衛星上で観測データを解析し、火災や船舶、重要インフラなどに関する情報を数秒で利用者へ届ける構想である。

本記事では、Altair-Next Genの計画概要や従来の地球観測衛星との違い、参画企業の役割、UAEの宇宙産業に与える意味を解説する。

AI衛星50機を構築、初号機は2026年10月に打ち上げへ

Altair-Next Genは、レーダーや光学などのセンサーと、衛星上でデータを処理する計算機を組み合わせた地球観測衛星コンステレーションである。

Marlan SpaceとLoft Orbitalが主導する企業連合は、Altair-Next Genの構築に向け、フランスを拠点とする事業へ10億ドルを投資する計画である。衛星設備はフランスに設立する専用会社が保有し、衛星はUAE・アブダビで製造する。

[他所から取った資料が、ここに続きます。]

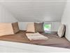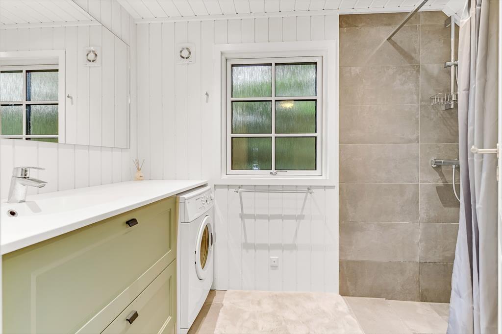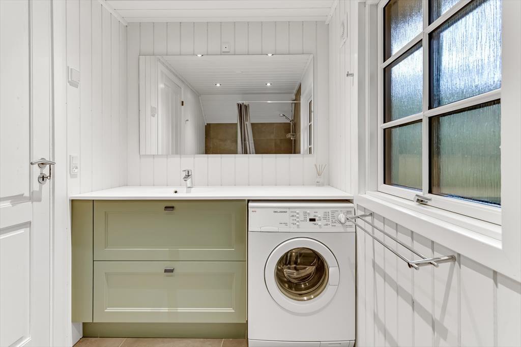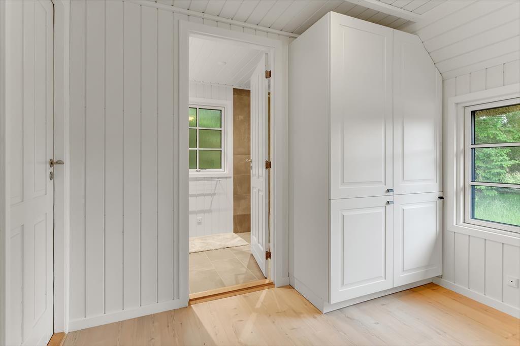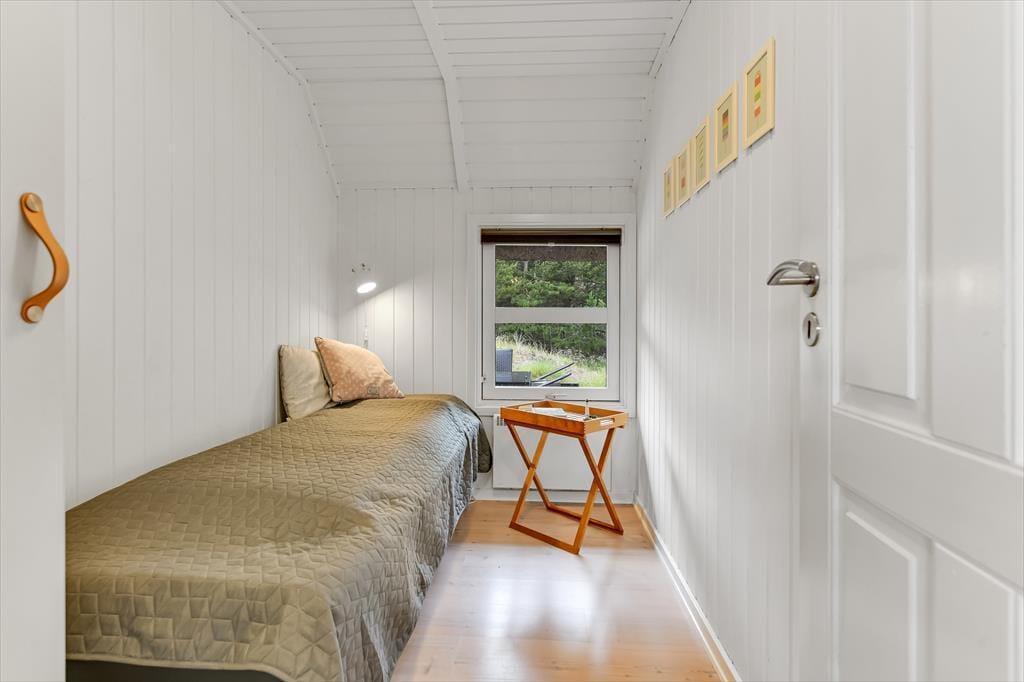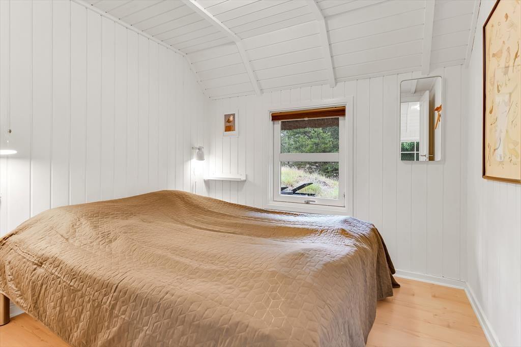 Sommerhuset er indrettet med lyse farvetoner og møblement, der har en køn og klassisk stil, og det er selvfølgelig med til at skrue op for hyggestemningen inden døre. Det er også rart, at der er en brændeovn inden døre – især på en mørk aften, hvor I vil hygge jer i stuen med strikketøj, gode bøger eller brætspil. Hvis du ikke vil være eneansvarlig for madlavningen, kan du sikkert overtale nogle af de andre til at hjælpe dig med madlavningen i det åbne køkken, og hvis du har brug for at slå mave inden desserten, kan du lægge dig et øjeblik i stuens hyggelige alkove.
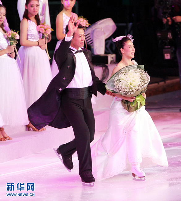 2010年9月4日,温哥华冬奥会冠军申雪和赵宏博的婚礼在首都体育馆举行。与其他体育大腕的婚礼相比,申雪赵洪博的婚礼,主打国际牌,普鲁申科、亚古丁、兰比尔、浅田真央等人特地前来祝贺并在冰场上献技表演。婚礼最让人难忘的是赵宏博单膝跪在冰面上向申雪求婚的感人一幕。 图片来源:新华网
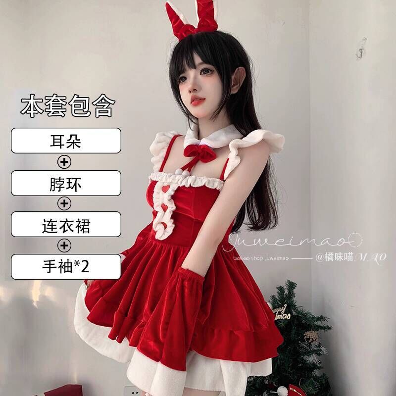 聖誕節主題服裝女性感製服cos純欲兔女郎氛圍感穿搭套裝聖誕戰袍 牧牧
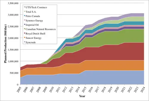 En 2012, la production de bitume brut à partir des sables bitumineux a été en moyenne de 1,9 million de barils par jour (bbl/j), soit un total annuel de 112 000 000 m3. D'abord prévue pour atteindre les 4 millions de barils par jour en 2022[2], elle a connu un ralentissement. Elle dépasse légèrement les trois millions de barils par jour en 2019 et ne devrait atteindre 4 millions de barils par jour qu'en 2030[3].
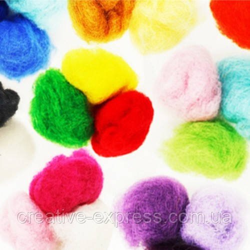 З вовняної пряжі апаратного прядіння легко створити скульптурні роботи, при шліфовці фінішної голкою, при цьому проколи від голки стають практично не помітні. Біжутерія з такою вовни відрізняється не «кудлатою» поверхнею, а гладкою. Палітра ствоновіть – 35 кольорів Вовна кардочесана вагою 10г і 40г. в блістерній упаковці.
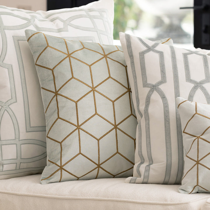 The Cube Square Pillow is made with Aquamarine Velvet and Antique Gold Embroidery.
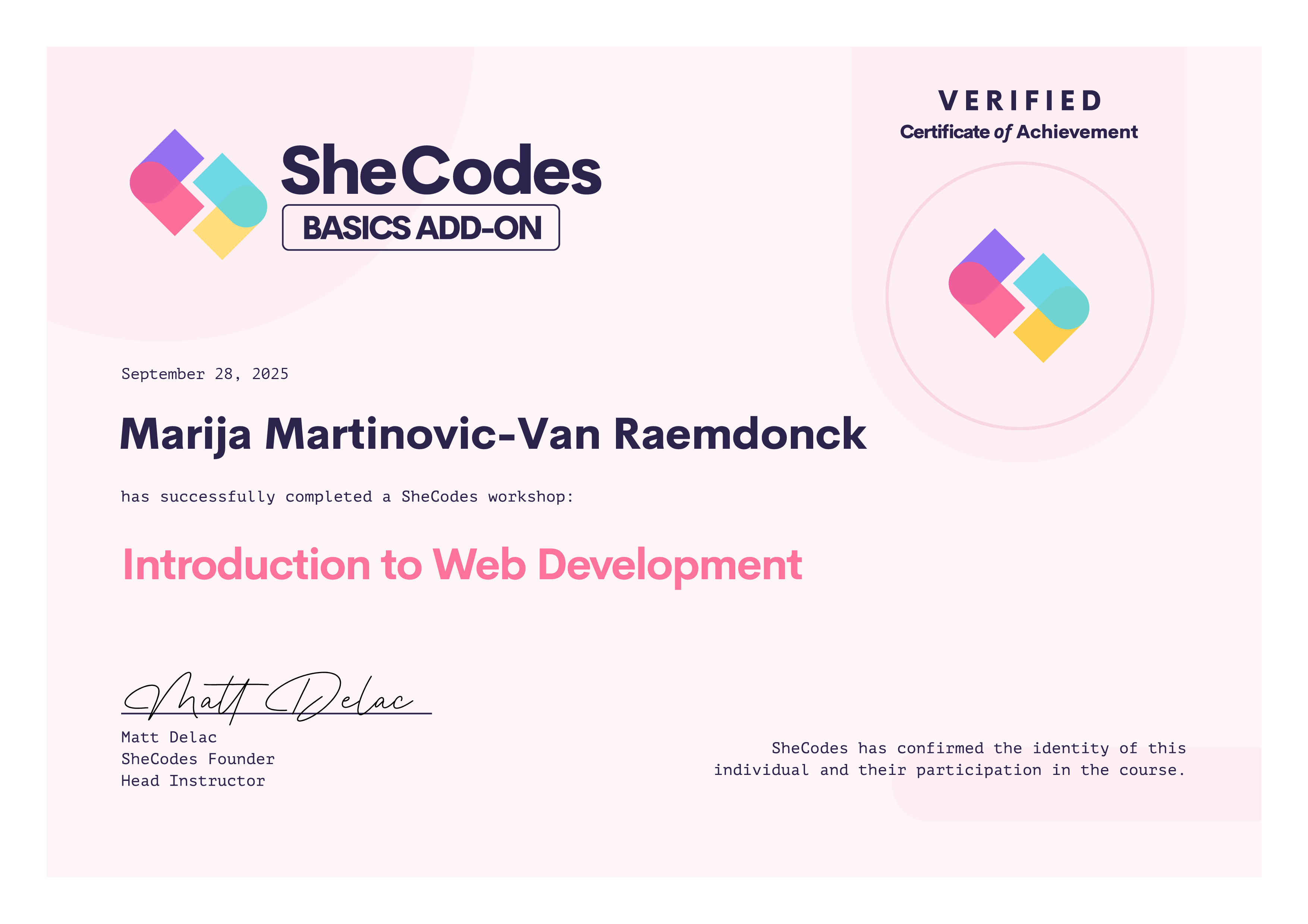 Marija Martinovic-Van Raemdonck SheCodes Profile | SheCodes
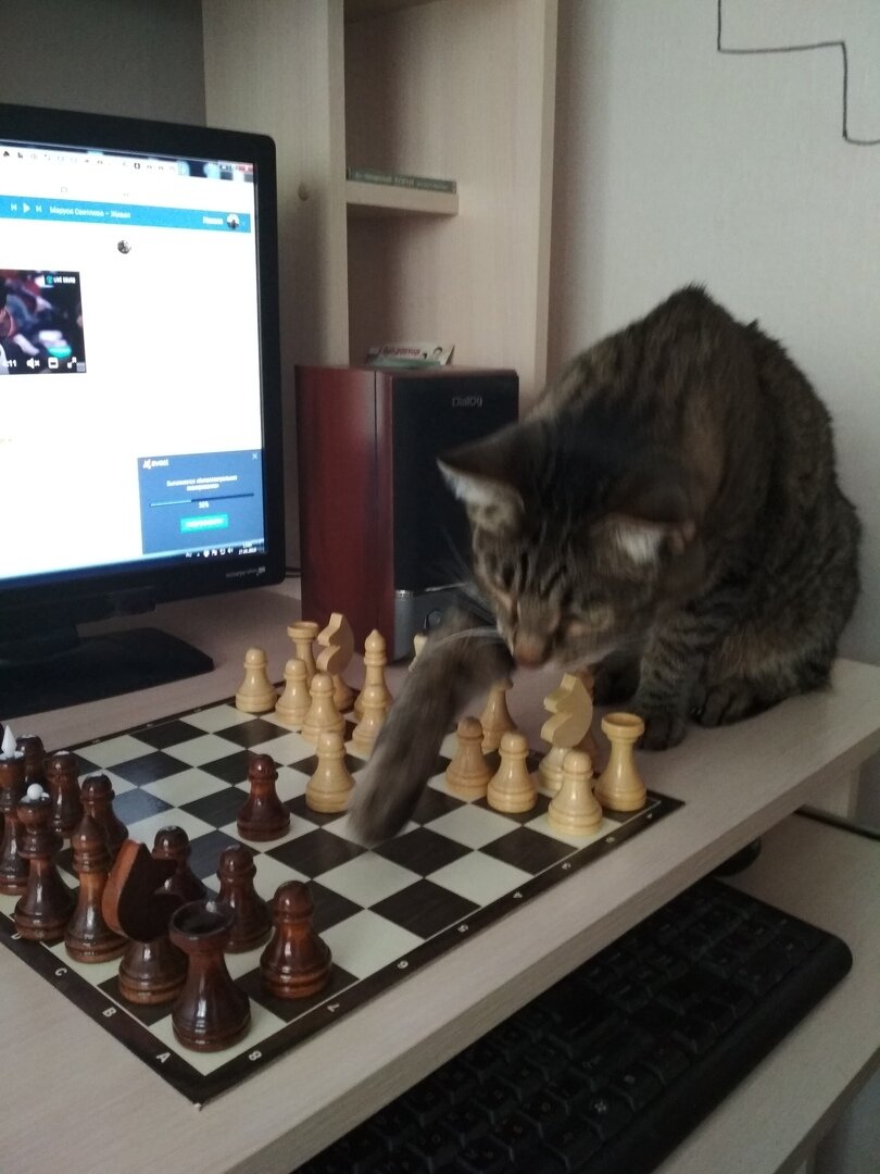 Верный дебют разыграл я сполна, Разберу детально партию Кота: Эндшпиль сыграл,все прошло как по нотам, Где же ошибка? Найти ее- забота Кот Шанс(породы хатуль мадан)
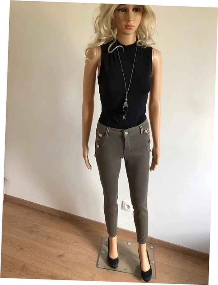 Pantalon skinny kaki et doré neuf Morgan taille 34 (valeur 65€) - photo numéro 19

初期段階では50機の衛星を整備し、フランスや欧州、UAEの政府機関に加え、各国の企業や公的機関へサービスを提供する計画だ。最初の10機は、UAEの首都アブダビにあるOrbitworksの工場ですでに製造が進み、初号機は2026年10月の打ち上げを予定している。

想定される用途は、船舶や海域の状況把握、山火事の検知と災害対応、港湾や重要インフラの監視などである。観測画像そのものを届けるだけでなく、現場の判断に使える情報まで衛星上で生成する点が計画の中心となる。

Altair-Next Genとは?宇宙で観測データを解析

現場の判断に使える情報まで衛星上で生成

従来の地球観測では、衛星が取得した画像などを地上局へ送り、地上の計算機で処理・解析してから利用者へ提供する流れが一般的である。

大容量の画像を送信するには時間がかかり、衛星が地上局と通信できる時間も限られるため、観測から情報提供までに時間を要する場合がある。

一方、Altair-Next Genは、衛星に搭載したAIが観測データを軌道上で解析し、元の画像すべてではなく、検知した出来事や警報を優先して送信する。

利用者は数秒以内に通知を受け取れるとされており、山火事の発生や船舶の動き、設備の変化など、対応の早さが重要な用途で価値を発揮する仕組みだ。

衛星画像を地上で解析する従来方式と、軌道上AIで解析して必要な情報を数秒で通知するAltair-Next Genの比較図
従来の地球観測と、衛星上のAIでデータを解析するAltair-Next Genの情報提供方式の違い ©Space Connect

50機で観測の空白時間を短縮

地球観測衛星は地球の周囲を移動するため、1機だけでは同じ場所を常に見続けられない。複数の衛星を配置すれば、1機が対象地域から離れた後に別の衛星が近づき、次の観測機会までの待ち時間を短くできる。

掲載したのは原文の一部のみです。